Try it -
Full transcription, minus images: write out the listing below exactly as it appears.

--

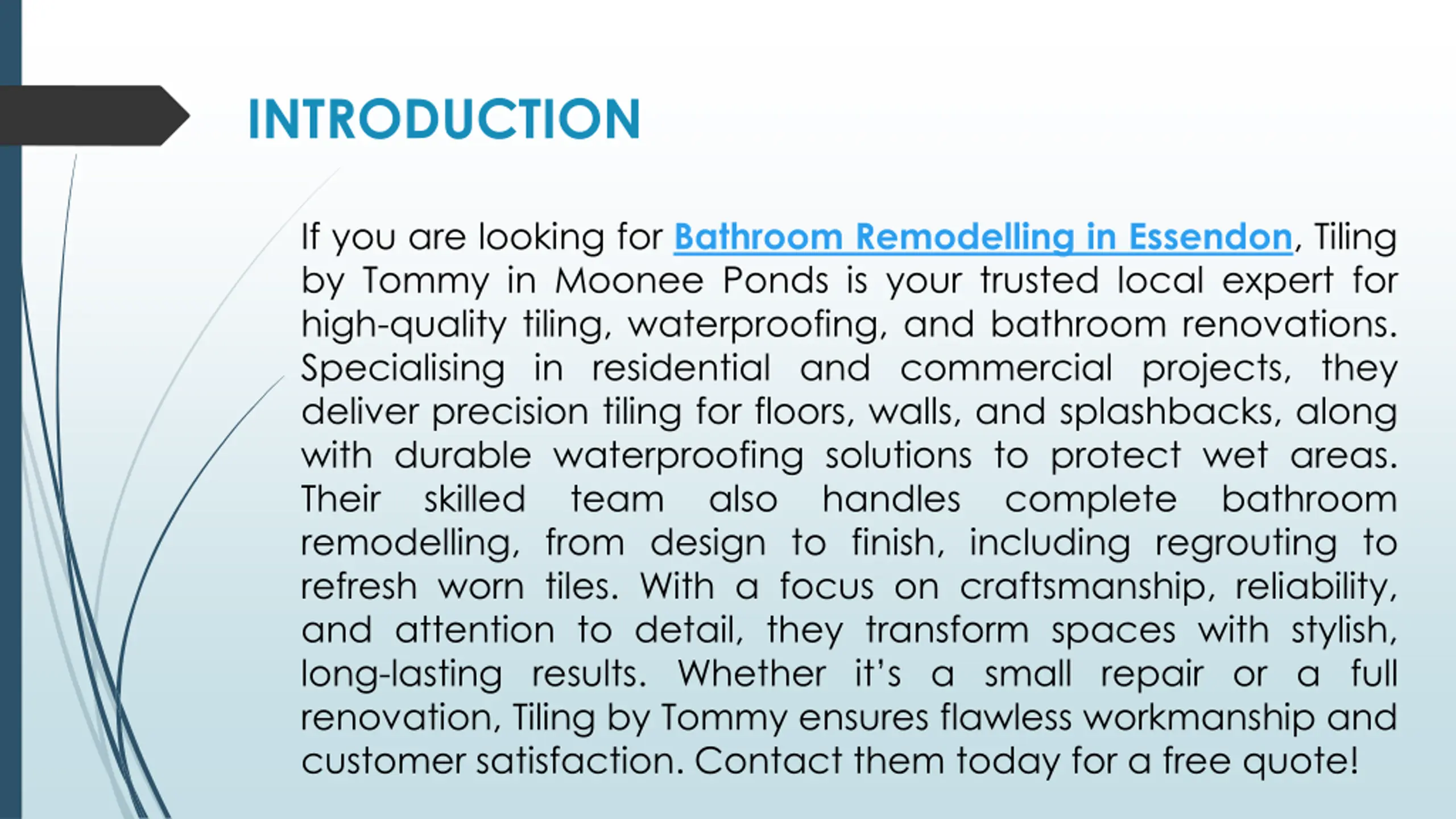 INTRODUCTION If you are looking for Bathroom Remodelling in Essendon, Tiling by Tommy in Moonee Ponds is your trusted local expert for high-quality tiling, waterproofing, and bathroom renovations. Specialising in residential and commercial projects, they deliver precision tiling for floors, walls, and splashbacks, along with durable waterproofing solutions to protect wet areas. Their skilled team also handles complete bathroom remodelling, from design to finish, including regrouting to refresh worn tiles. With a focus on craftsmanship, reliability, and attention to detail, they transform spaces with stylish, long-lasting results. Whether it s a small repair or a full renovation, Tiling by Tommy ensures flawless workmanship and customer satisfaction. Contact them today for a free quote! If you are looking for Bathroom Remodelling in Essendon, Tiling by Tommy in Moonee Ponds is your trusted local expert for high-quality tiling, waterproofing, and bathroom renovations. Specialising in residential and commercial projects, they deliver precision tiling for floors, walls, and splashbacks, along with durable waterproofing solutions to protect wet areas. Their skilled team also handles remodelling, from design to finish, including regrouting to refresh worn tiles. With a focus on craftsmanship, reliability, and attention to detail, they transform spaces with stylish, long-lasting results. Whether it s a small repair or a full renovation, Tiling by Tommy ensures flawless workmanship and customer satisfaction. Contact them today for a free quote! complete bathroom
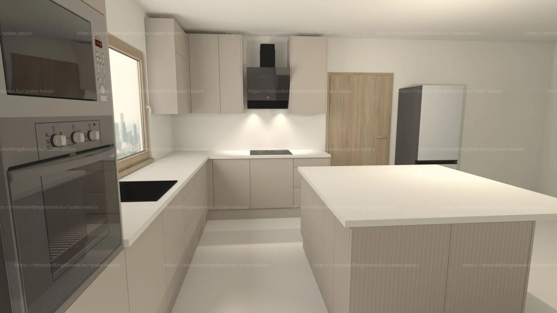 A tágas, 65,5 m²-es amerikai konyhás nappali a ház központi eleme, amelyet a nagy üvegfelületek és a teraszkapcsolat tesznek igazán világossá és hívogatóvá.
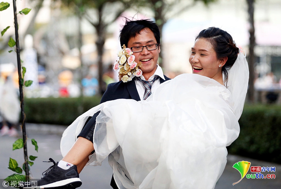 當(dāng)?shù)貢r(shí)間2018年11月24日,泰國(guó)曼谷舉辦新娘賽跑活動(dòng),獲勝者將獲得婚禮的全額資助,眾多新娘在街頭提裙狂奔。圖為甜蜜合影。
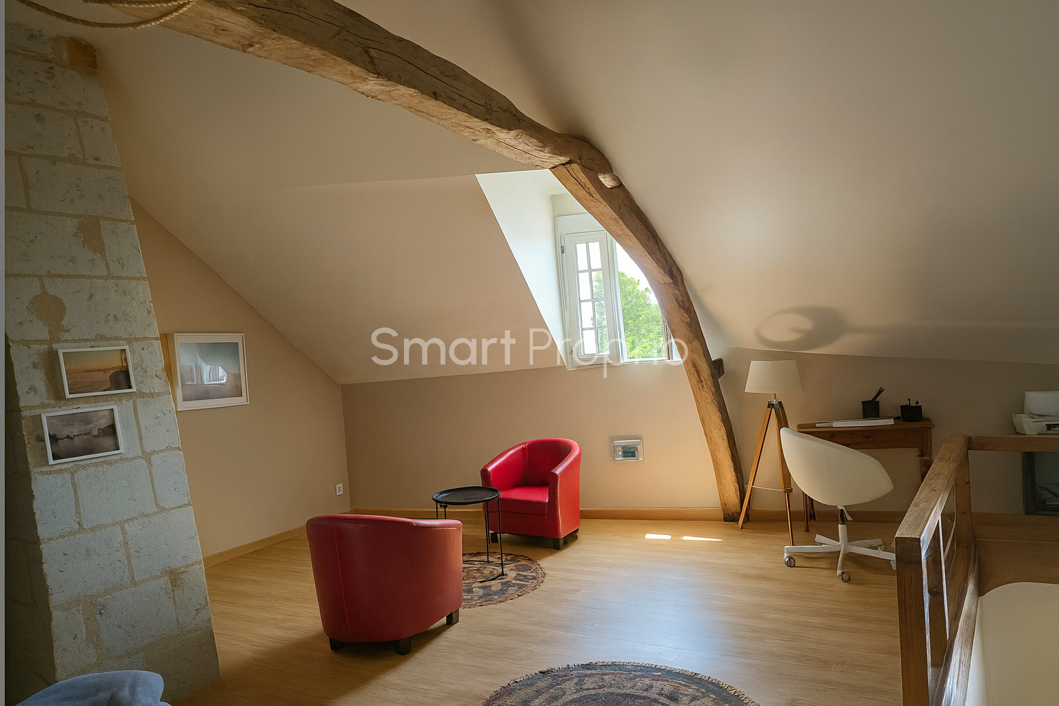 Commerces accessibles à pied, gare SNCF à 5 min, Saumur à 10 min, Angers à 30 min, accès autoroute Paris tout proche.
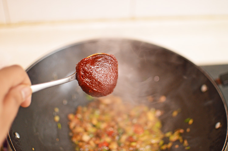add in an unapologetically fat glob of gochujang to the boiling mushroomy broth
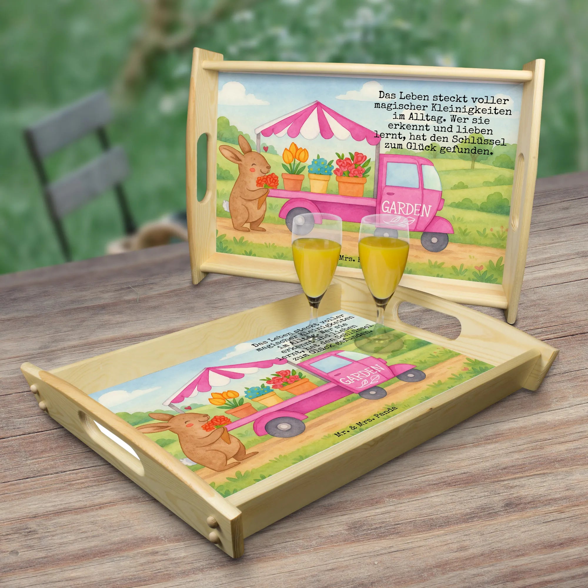 Serviertablett Osterhase Blumenwagen Design
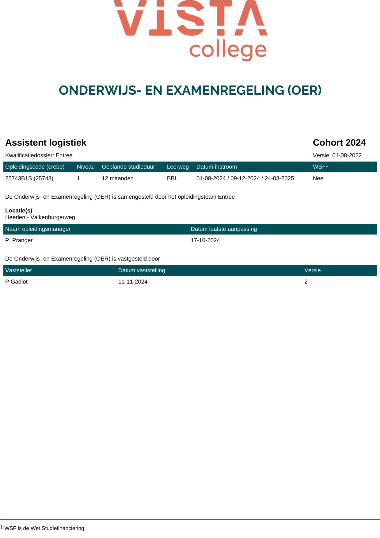 Assistent logistiek 25743B1S in cohort 2024-2025
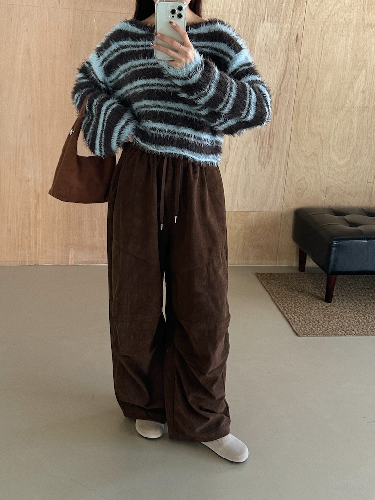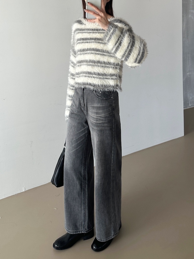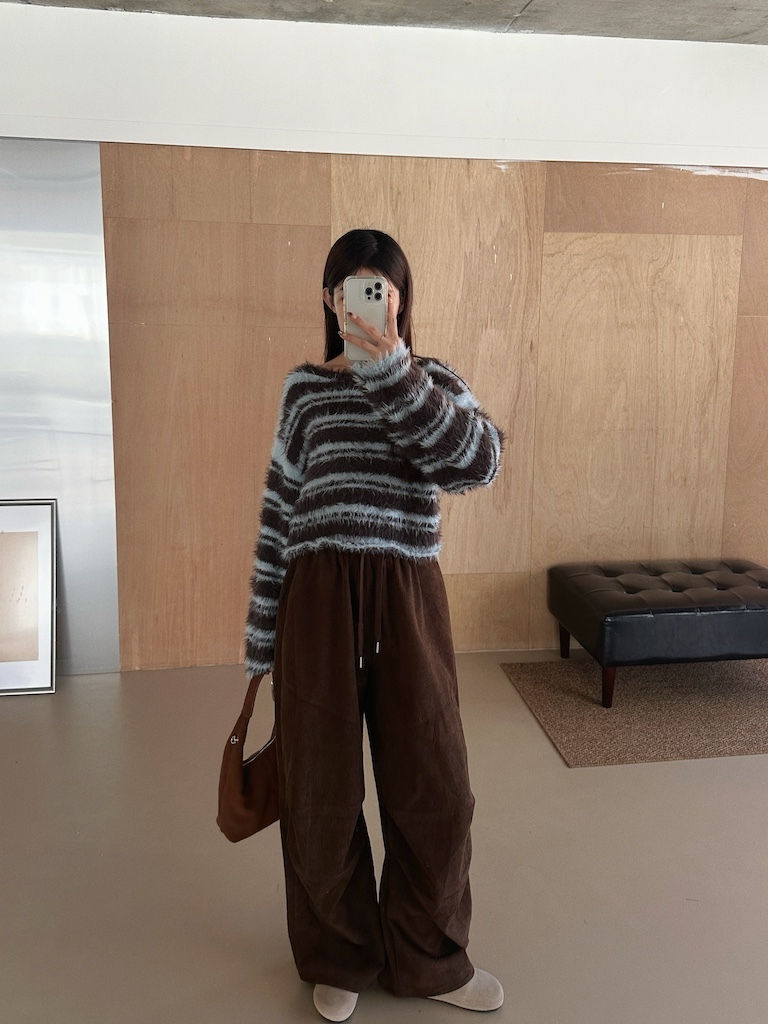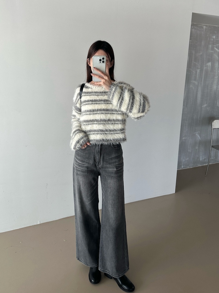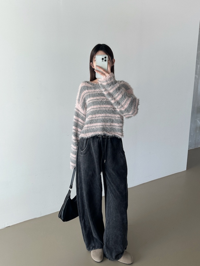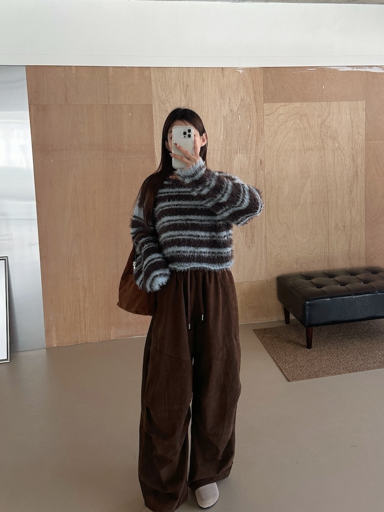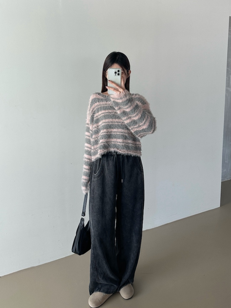 軟軟長毛條紋微短版毛衣
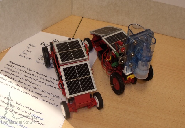 (7) Ekologické auto (Jan Pavlas). Porovnání provozních vlastností dvou stavebnicových modelů autíček, jednoho poháněného vodíkovým článkem a druhého s tužkovými bateriemi.
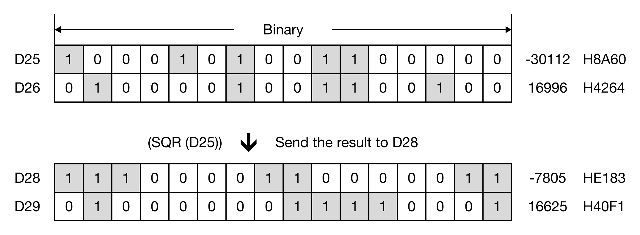 The SQR instruction calculates the square root of the REAL value, S, and saves the result in an assigned REAL data register, D.

--

Problem solution -
 INTRODUCTION If you are looking for Bathroom Remodelling in Essendon, Tiling by Tommy in Moonee Ponds is your trusted local expert for high-quality tiling, waterproofing, and bathroom renovations. Specialising in residential and commercial projects, they deliver precision tiling for floors, walls, and splashbacks, along with durable waterproofing solutions to protect wet areas. Their skilled team also handles complete bathroom remodelling, from design to finish, including regrouting to refresh worn tiles. With a focus on craftsmanship, reliability, and attention to detail, they transform spaces with stylish, long-lasting results. Whether it s a small repair or a full renovation, Tiling by Tommy ensures flawless workmanship and customer satisfaction. Contact them today for a free quote! If you are looking for Bathroom Remodelling in Essendon, Tiling by Tommy in Moonee Ponds is your trusted local expert for high-quality tiling, waterproofing, and bathroom renovations. Specialising in residential and commercial projects, they deliver precision tiling for floors, walls, and splashbacks, along with durable waterproofing solutions to protect wet areas. Their skilled team also handles remodelling, from design to finish, including regrouting to refresh worn tiles. With a focus on craftsmanship, reliability, and attention to detail, they transform spaces with stylish, long-lasting results. Whether it s a small repair or a full renovation, Tiling by Tommy ensures flawless workmanship and customer satisfaction. Contact them today for a free quote! complete bathroom
 A tágas, 65,5 m²-es amerikai konyhás nappali a ház központi eleme, amelyet a nagy üvegfelületek és a teraszkapcsolat tesznek igazán világossá és hívogatóvá.
 當(dāng)?shù)貢r(shí)間2018年11月24日,泰國(guó)曼谷舉辦新娘賽跑活動(dòng),獲勝者將獲得婚禮的全額資助,眾多新娘在街頭提裙狂奔。圖為甜蜜合影。
 Commerces accessibles à pied, gare SNCF à 5 min, Saumur à 10 min, Angers à 30 min, accès autoroute Paris tout proche.
add in an unapologetically fat glob of gochujang to the boiling mushroomy broth
 Serviertablett Osterhase Blumenwagen Design
 Assistent logistiek 25743B1S in cohort 2024-2025
 軟軟長毛條紋微短版毛衣
 (7) Ekologické auto (Jan Pavlas). Porovnání provozních vlastností dvou stavebnicových modelů autíček, jednoho poháněného vodíkovým článkem a druhého s tužkovými bateriemi.
 The SQR instruction calculates the square root of the REAL value, S, and saves the result in an assigned REAL data register, D.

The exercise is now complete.